バックナンバー一覧に戻る



ブランドは、乱暴に要約すれば「目印」の事なんだと改めて実感しました。
_/_/_/_/_/_/_/_/_/_/_/_/_/_/_/_/_/_/_/_/_/_/_/_/_/_/_/_/_/
      [KID'S SIGNAL]  キッズシグナル●第68号●
      2016年2月19日(金)  /  旧暦:睦月(1月)12日  
_/_/_/_/_/_/_/_/_/_/_/_/_/_/_/_/_/_/_/_/_/_/_/_/_/_/_/_/_/

さて、実は先日から、喫茶店を経営している血縁関係の方がいて、その方のお店のメニューやら看板やらをボランティアで制作しておりました。
本来デザインなどは行わないのですが、この数年、とにかくどんどん売り上げが落ちていて、経営が苦しいという事でしたので、多少は販促物に関して分かっている私がお手伝いしてさしあげようという事にしたわけです。

それで、お話をうかがっていると、逆に僕が色々と学ぶことができたので、その学びのシェアをしたいなと思って書いてみます。

その喫茶店のママさんが困っていたのは、まず、お客さまに場所を伝えられない、という事でした。

というのは、そのお店は、地下鉄と直結されているビルの地下エリアにあって、地下鉄の改札からのお客さまにアピールしやすい立地なのですが、奥まった場所にあるので、立て看板からの誘導がうまくいかない、というお話だったのです。

手書きの立て看板を、改札から見えるところに置いてあり、見てはもらえているのですが、乗客の方がお店にまで来てくれないのです。
仮に立て看板に書いてある日替わり定食のメニューに気づいてもらえても手前にある別の喫茶店に入ってしまう、というお話でした。

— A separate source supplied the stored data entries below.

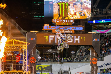 450SXのメインレース(20分+1周)では、ケビン・モランズ(KTM)がホールショットを決めたが、オープニングラップ途中で転倒。セクストンがトップに立ち、ケン・ロクスン(スズキ)、イーライ・トマック(ヤマハ)、アダム・シアンサルーロ(カワサキ)、クーパー・ウェブ(KTM)が続く上位陣になった。セクストンがリードを広げる一方、セカンドグループでは激しいポジション入れ替えの末、6周目にはトマックが2位に落ち着いた。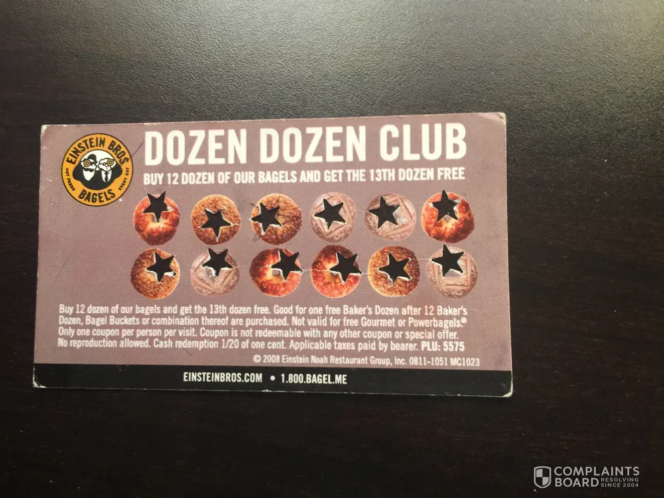 I have eaten at Einstein for years and I love the Senior discount. If you can accommodate me by providing me a free Einstein Gift card in compensation for the Dozen Dozen card. I would be most appreciative.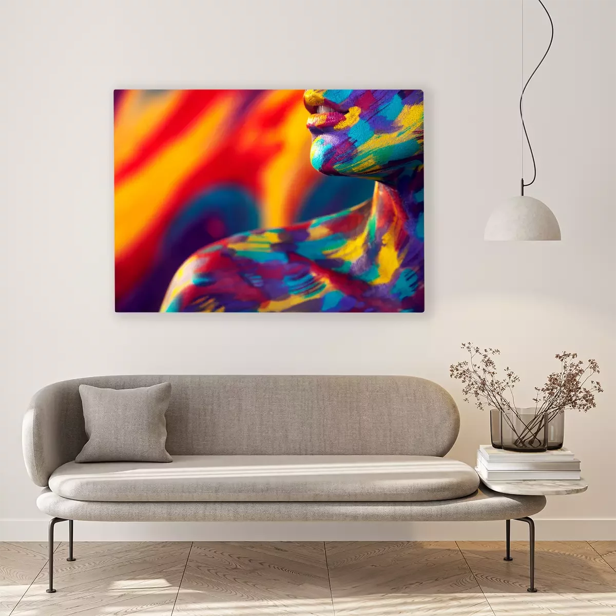 Tableau  Portrait de la belle femme brillante avec maquillage coloré et bodyart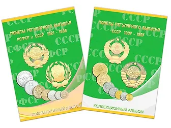 Альбом-планшет для монет СССР регулярного выпуска с 1921 по 1957 год. Монеты расположены по годам. Все ячейки подписаны, а редкие(раритетные монеты имеют фото). 1 том монеты выпущенные с 1921 по 1936 год, 2 том монеты выпущенные с 1937 по 1957 год. Альбом-планшет сделан из плотного ламинированного картона, монеты просто вставляются, плотно держатся, легко вынимаются.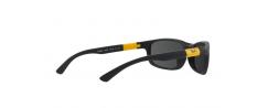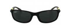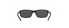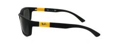 Σε ορθογώνιο σχήμα, τα γυαλιά ηλίου RayBan Junior 9056S 195/87 έχουν κοκάλινο σκελετό σε μαύρο ματ χρώμα και στην περιοχή του βραχίονα συναντούμε μια κίτρινη, λεπτή γραμμή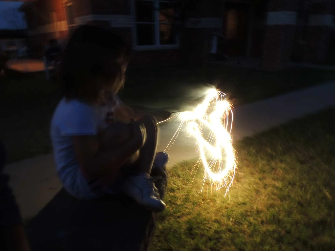 This is one of the kids at my brother's 4th of July bbq. She was so cute. She kinda looked like Boo from Monsters Inc. She had a really long sparkler that was almost as tall as she was.

「『つきあたり奥』って書いてあるんやけどね。もっと大きく場所を書いておかないとわからへんかな? 地図描くとか」

と、そのママさんは繰り返し「場所をどう知らせるか?」という課題の解決策を聞いてこられるのです。

「いやー、そういう事じゃないよなぁ」と思いつつ、どう対処したものかけっこう悩んでいたのです。というのも、その喫茶店は、ドアに店名が書かれてはいるのですが、名前を掲げた電飾看板というものがなかったからです。

確かに、改札口から見える位置に手書きの立て看板は出しているものの、そこには店名のデザインされた「ロゴ」がありません。手書き、ですから。これでは、お店を探そうにも、目印になりにくいわけです。
どういう事かわかりにくい方もおられるかも知れないので「デザインされたロゴ」の必要性を説明します。

まず、お客さまはとても忘れっぽいということです。たとえばそのお店が「アイアイカフェ」だったとしても、立て看板からお店にたどり着くまでに「アイアイカフェ」なんて名前そのものは忘れてしまってるんですね。

「そんなあほな!」

と思われるかも知れませんが、はじめて入った飲食店街の、いくつもあるお店の名前をキチンと見分けがつくように覚えている人など、かなり少ないのです。「アイアイカフェ」が「あいあいこーひー」だとか、「ありあり喫茶」だとか「あるある茶屋」だとか、一歩歩くたびに記憶があいまいになっていくのです。人間というのは、そういうものなのです。

だからこそ!

お店の名前は、キチンとデザインして、印象的でひと目で記憶に残るようなものにしておかなければならないということなのですね。
たとえば、「アイアイカフェ」なら、文字の背景にハートマークが入っているとか、カタチで印象に残るとか、文字色をはっきりとしたピンクにしておくとか、何か心に残る「フック」を作っておかないと「目印」として機能しなくなるわけです。
こういう印象的なお店の「ロゴ」が、立て看板に記載されていれば、飲食街の奥に入っても、それを「目印」に探すことができるわけです。
わずかな違いのように見えて、この効果はかなり大きいのです。

大事なことは、自分のお店の「目印」をキチンと出しておくと、「探し方が変わる」という事なんです。
目印がない場合は、「日替わり定食はハンバーグって書いてあったなぁハンバーグ、ハンバーグ」という目当ての商品を探す探し方になります。
でも、目印が印象的だと、「なんかピンクのマークの店だったな、ピンク、ピンク」と、お客さまが、自分で「目印」を頼りにお店を探してくれるわけです。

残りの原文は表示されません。